*Task directions:* Word for word, transcribe the data below from the line with "If you're an" to the line with "Sandesh_Step_06 6. Tightly", keeping both of those lines.

*Dataset entries:*
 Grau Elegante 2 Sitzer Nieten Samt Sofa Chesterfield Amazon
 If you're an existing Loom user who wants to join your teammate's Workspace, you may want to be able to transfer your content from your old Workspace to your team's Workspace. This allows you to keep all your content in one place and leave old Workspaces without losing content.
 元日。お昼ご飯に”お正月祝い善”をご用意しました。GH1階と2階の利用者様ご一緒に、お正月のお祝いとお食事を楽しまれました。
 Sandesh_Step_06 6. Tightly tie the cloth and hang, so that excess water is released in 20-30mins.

...

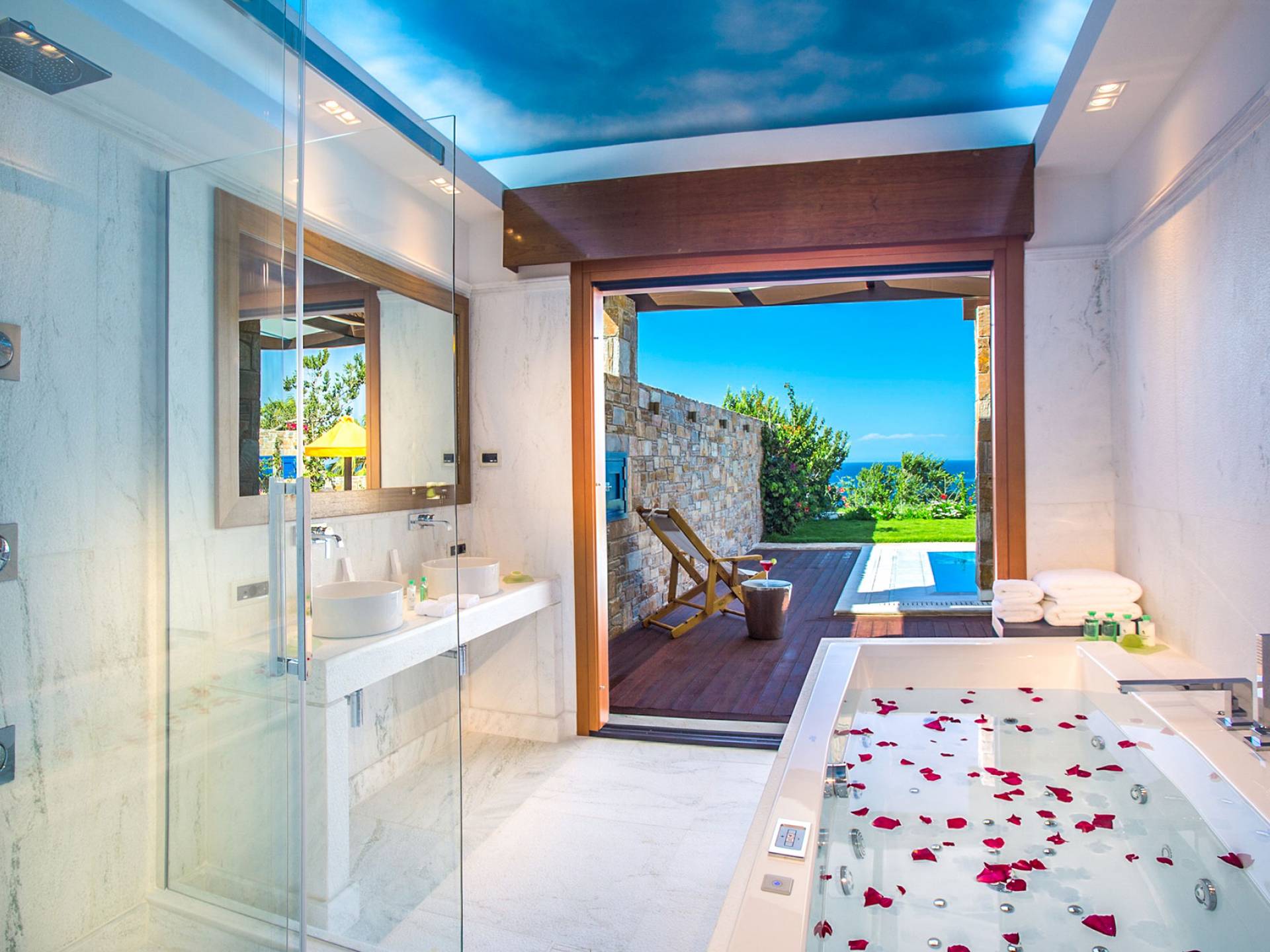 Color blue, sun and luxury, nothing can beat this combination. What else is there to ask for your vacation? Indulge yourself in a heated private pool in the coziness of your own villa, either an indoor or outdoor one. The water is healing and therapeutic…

*Exercise answer:*
 If you're an existing Loom user who wants to join your teammate's Workspace, you may want to be able to transfer your content from your old Workspace to your team's Workspace. This allows you to keep all your content in one place and leave old Workspaces without losing content.
 元日。お昼ご飯に”お正月祝い善”をご用意しました。GH1階と2階の利用者様ご一緒に、お正月のお祝いとお食事を楽しまれました。
 Sandesh_Step_06 6. Tightly tie the cloth and hang, so that excess water is released in 20-30mins.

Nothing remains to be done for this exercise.